I guess none of that is needed in 2019. After all, what kind of a dumb user am I if I don’t immediately understand Error code 30182-1 (2)?

 Posted by at 9:25 pm
Jan 062019
 

I almost forgot: a couple of months ago, I was interviewed over the telephone by a journalist who wanted to know my thoughts about one of my favorite moments in manned space exploration: The Apollo 8 “Genesis” moment, the reading of the opening verses of the Old Testament, on Christmas Day, 1968, by the astronauts of Apollo 8 as their spacecraft emerged from behind the Moon.

Today, something reminded me of this interview and I did a quick search. Lo and behold, there it is: My words, printed in The Boston Globe on December 23, 2018:

“It was a beautiful moment, and Genesis is part of our Western cultural heritage,” said Viktor Toth, an atheist and a senior research fellow at Carleton University in Ottawa, Canada, who played the lead role in the investigation of the Pioneer Anomaly, the mysterious acceleration of the Pioneer 10 and 11 spacecrafts in deep space. “This was an awe-inspiring thing: Human beings for the first time cut off from the Earth, and then they reemerged and saw the Earth again.

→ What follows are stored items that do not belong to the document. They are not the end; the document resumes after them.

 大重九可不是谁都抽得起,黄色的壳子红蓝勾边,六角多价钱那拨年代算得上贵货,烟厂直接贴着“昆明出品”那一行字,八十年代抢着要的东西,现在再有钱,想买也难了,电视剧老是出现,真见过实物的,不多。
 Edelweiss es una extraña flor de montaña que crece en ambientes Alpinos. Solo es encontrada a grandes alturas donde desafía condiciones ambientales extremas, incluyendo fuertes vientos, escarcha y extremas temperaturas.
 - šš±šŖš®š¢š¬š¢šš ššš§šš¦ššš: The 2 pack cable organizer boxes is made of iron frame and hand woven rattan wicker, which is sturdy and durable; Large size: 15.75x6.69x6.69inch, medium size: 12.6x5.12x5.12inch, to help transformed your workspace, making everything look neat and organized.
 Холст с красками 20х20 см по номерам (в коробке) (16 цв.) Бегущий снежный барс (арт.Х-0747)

The message was entirely appropriate.”

Though shortened, this pretty accurately reflects what I actually said during that roughly 10-minute conversation with the journalist.

 Posted by at 10:12 pm
Dec 302018
 

This is Master Rufus.

Master Rufus would like to wish a Happy New Year to all our family, friends, indeed all good people who stumble upon this blog post.

 Posted by at 11:58 pm
Dec 242018
 

A quote from 50 years ago is the most appropriate one tonight, considering that our world is just as troubled as the world of 1968:

And from the crew of Apollo 8, we close with good night, good luck, a Merry Christmas – and God bless all of you, all of you on the good Earth.

 Posted by at 5:25 pm
Dec 142018
 

The news came a few days ago: Former Canadian diplomat Michael Kovrig has been arrested in China, in apparent retaliation for the arrest of Huawei’s CFO Meng Wanzhou in Vancouver.

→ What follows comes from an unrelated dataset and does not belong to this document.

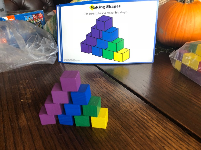 We started our day with these blocks. These blocks are pretty neat because they come with cards that give instructions for the blocks.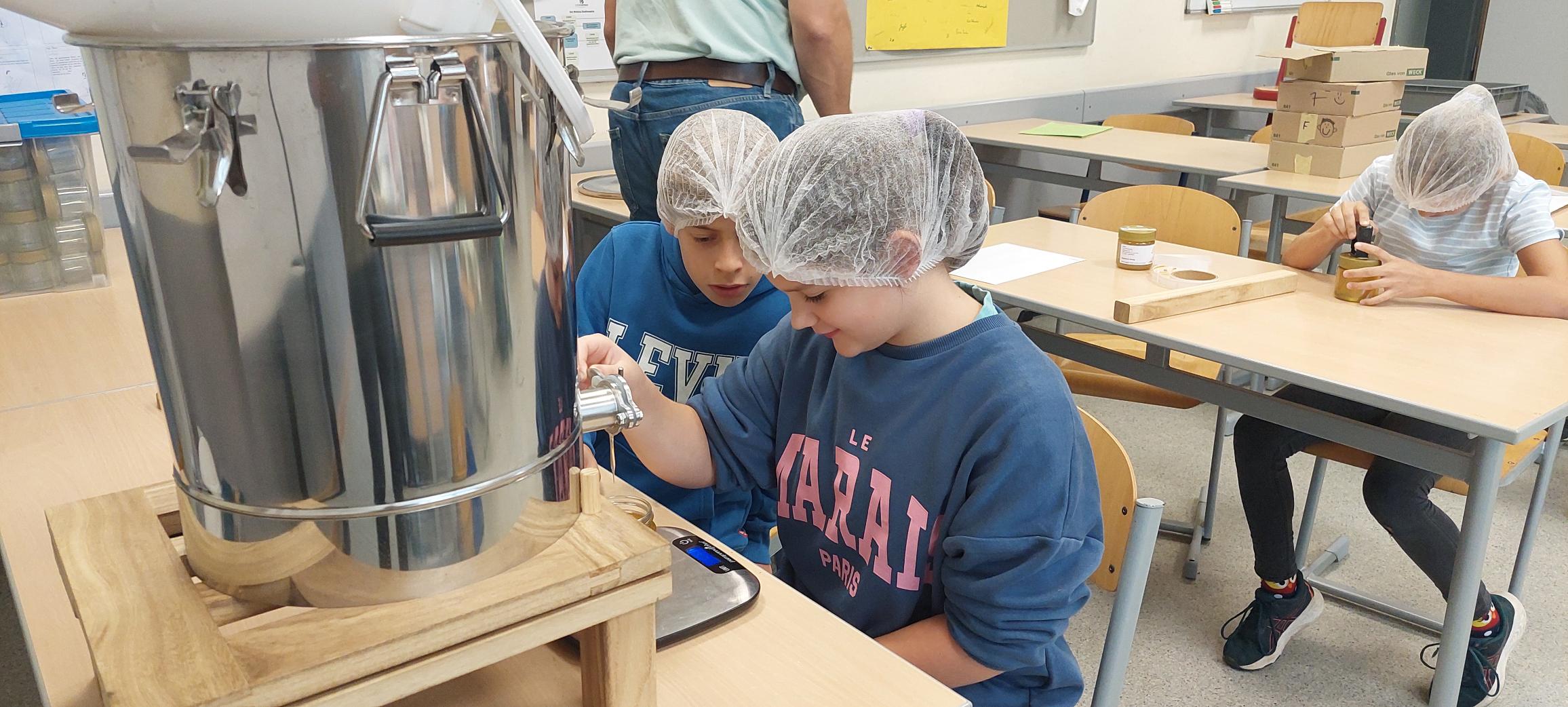 Am ersten Oktober konnten wir endlich den Ertrag unsrer Arbeit aus der Abfüllkanne in die Honiggläser abfüllen. Goldenes Licht des Sommers scheint nun in Gläsern für den Winter bewahrt. Dank an unsere fleißigen Bienen und die ebenso fleißige Bienen-AG. Nach dem Abfüllen mussten die Gläser noch etikettiert und mit einem Gewährverschluss versehen werden. Dies lief in unsrer AG wie vom Fließband. Nun steht dem Verkauf des Honigs auf unserem Adventsbasar nicht mehr entgegen und auch wir freuen uns, den neuen Honigjahrgang 2024 genießen zu dürfen.

Michael WHAT, I asked? Kovrig? As in, K-O-V-R-I-G?

You see, Kovrig is not at all a common surname. And it so happens that my stepfather’s last name is Kovrig.

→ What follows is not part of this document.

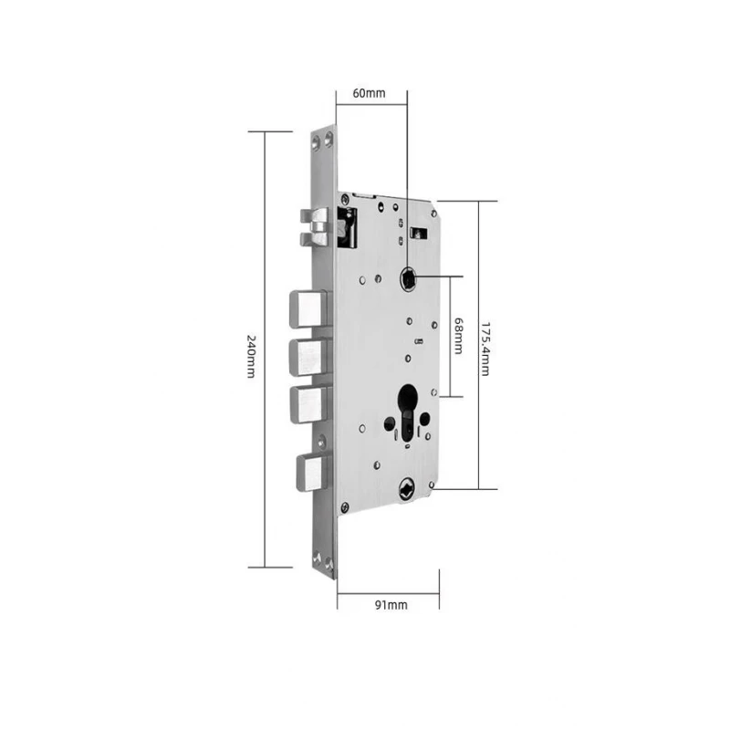 - Не имеет нажимной ручки, что делает его максимально безопасным и взломостойким. Управление ригелями производится с помощью мотора, расположенного во внутренней части замка. Мощный мотор-редуктор с внутренней стороны замка автоматически выдвигает прямые ригеля и надежно блокирует дверь противодействуя попыткам силового взлома.

Not just that but… we know another Kovrig (no relation, none that we know anyway). My parents came to know this Kovrig as a result of a chance encounter, but ultimately, they helped him purchase an apartment in the same building where they live. So this Kovrig lives two floors above my Mom and my stepfather, in Budapest.

And Michael Kovrig, former Canadian diplomat, is his nephew.

A few years ago, I was about to be offered an opportunity to take part in a Chinese research effort. My participation would have involved access to data that Chinese authorities might have viewed as military secrets. I backed out for this very reason. The last thing I needed in my life was the possibility, however remote, that I would end up in Chinese custody, accused of espionage. Later, I was wondering if I simply made a fool of myself; Was there any real danger that I might get into trouble, or was I simply pretentious?

Kovrig’s arrest is a wake-up call. This time, lightning struck uncomfortably close. Much as I regret not taking part in that very interesting and promising piece of research (and it would have been an honor to be invited) I am glad I backed out.

I hope Kovrig is released soon. I hope his arrest helps others realize that beneath the spectacular economic growth and the undeniable successes, China is still fundamentally a communist police state, whose methods of choice are bullying and violence.

 Posted by at 5:07 pm
Dec 042018
 

Between the tragic, sudden loss of our cat Kifli and the unexpected arrival of our new cat Freddy, there is also our now oldest cat Rufus.

Rufus is a gentle giant. For a few days after Freddy’s arrival, he seemed a bit depressed, but I think he mostly got over it. (Just to be sure, we had his bloodwork done at the vet; there were no concerns.) Now that they’ve known each other for ten days or so, it seems that Freddy and Rufus are getting along quite well.

Incidentally, the shredded fabric that is seen in the lower left of this picture is fabric hanging from the edge of a sofa. A very comfortable piece of furniture, to be sure; sadly, also a cats’ favorite when it comes to regular claw maintenance.